» Task directions
Without the pictures, print the lines running from the beginning of the material to the line containing "Разделитель страниц А4", both ends included.

» Given data
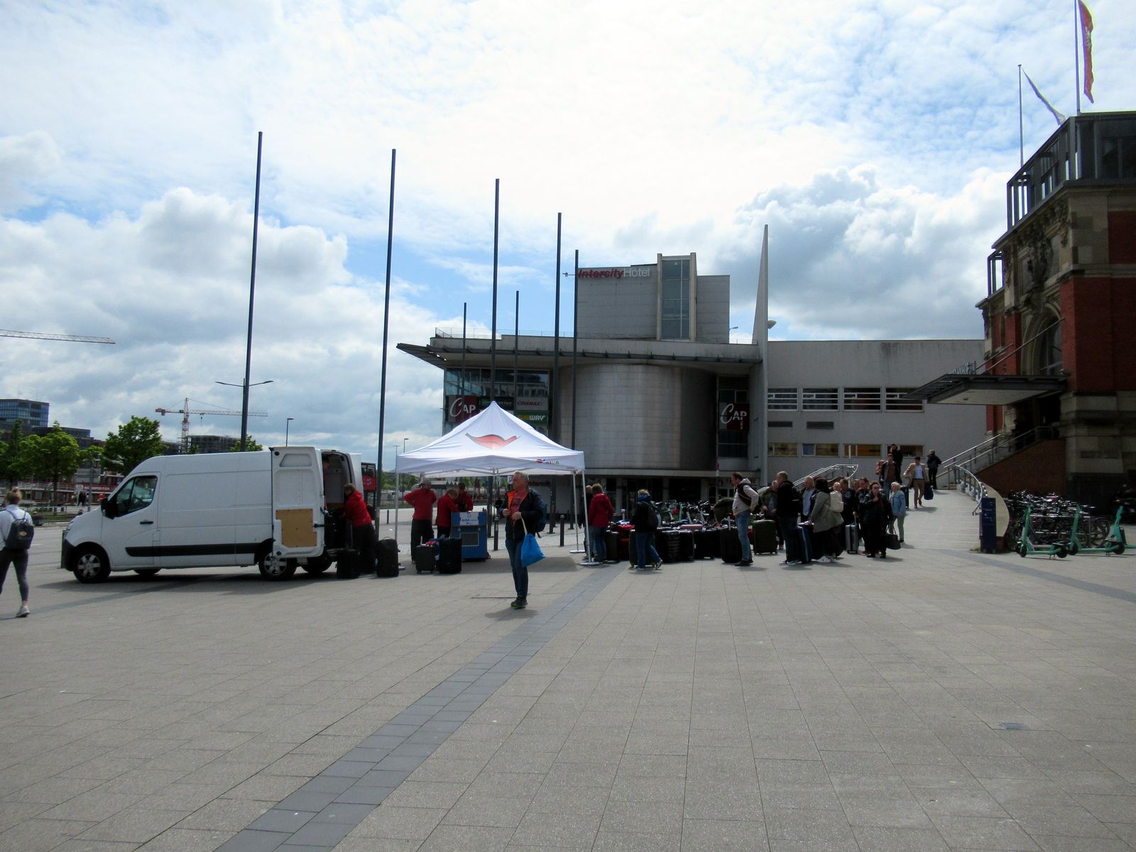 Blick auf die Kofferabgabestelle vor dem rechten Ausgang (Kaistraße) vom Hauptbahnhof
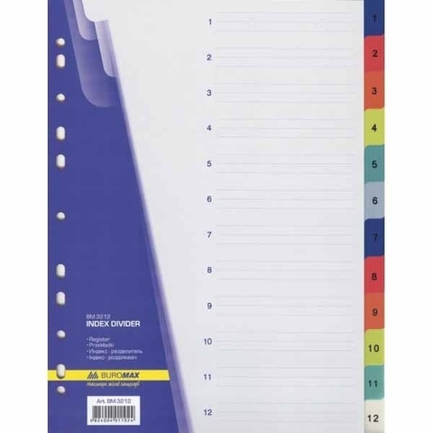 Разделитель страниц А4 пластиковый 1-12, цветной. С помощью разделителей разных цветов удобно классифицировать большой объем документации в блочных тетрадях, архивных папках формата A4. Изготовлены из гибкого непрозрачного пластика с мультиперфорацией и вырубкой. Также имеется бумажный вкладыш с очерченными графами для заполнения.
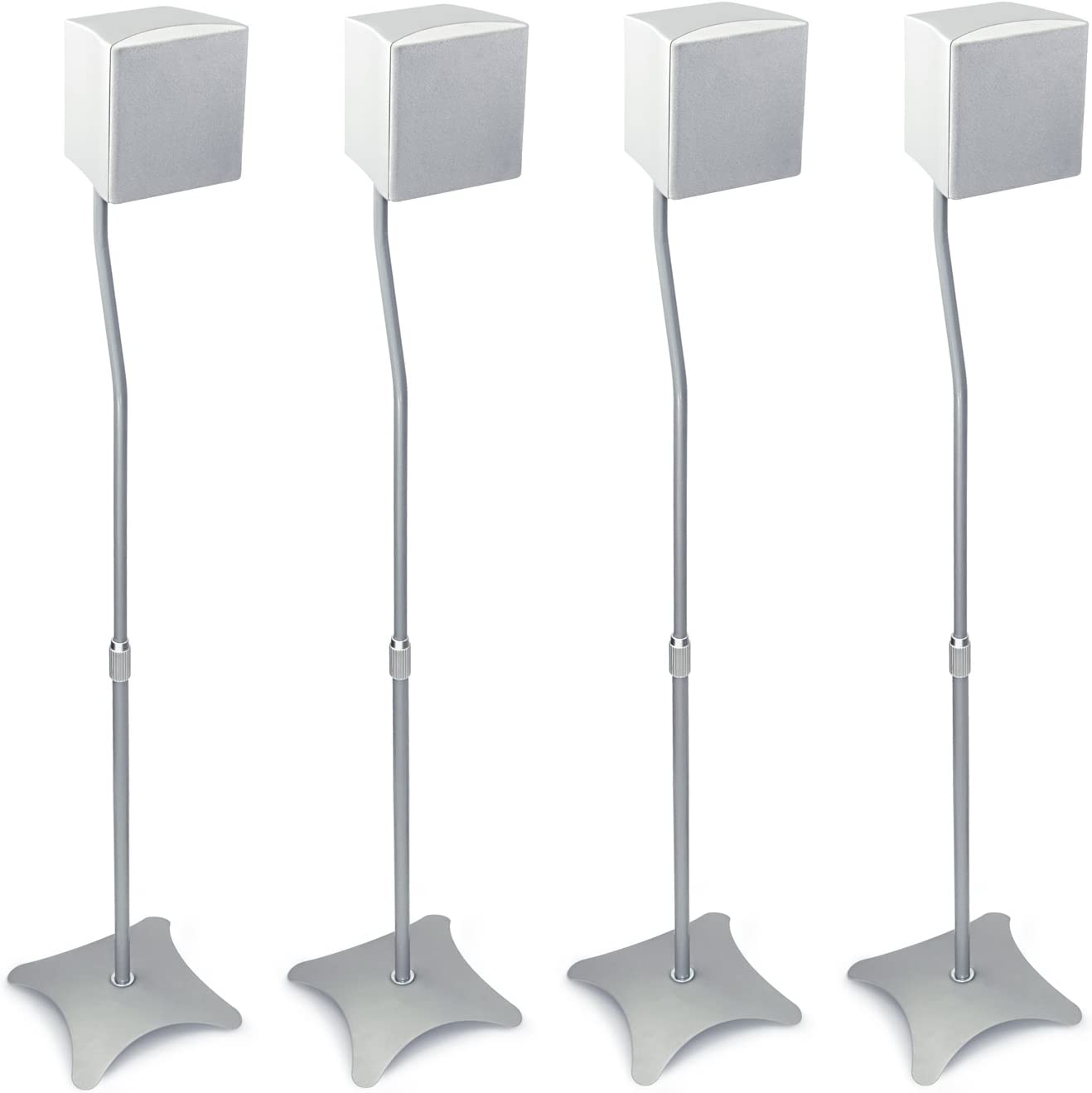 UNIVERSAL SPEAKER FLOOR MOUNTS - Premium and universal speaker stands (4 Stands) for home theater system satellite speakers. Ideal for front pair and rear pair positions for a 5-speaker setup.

» Answer space
 Blick auf die Kofferabgabestelle vor dem rechten Ausgang (Kaistraße) vom Hauptbahnhof
 Разделитель страниц А4 пластиковый 1-12, цветной. С помощью разделителей разных цветов удобно классифицировать большой объем документации в блочных тетрадях, архивных папках формата A4. Изготовлены из гибкого непрозрачного пластика с мультиперфорацией и вырубкой. Также имеется бумажный вкладыш с очерченными графами для заполнения.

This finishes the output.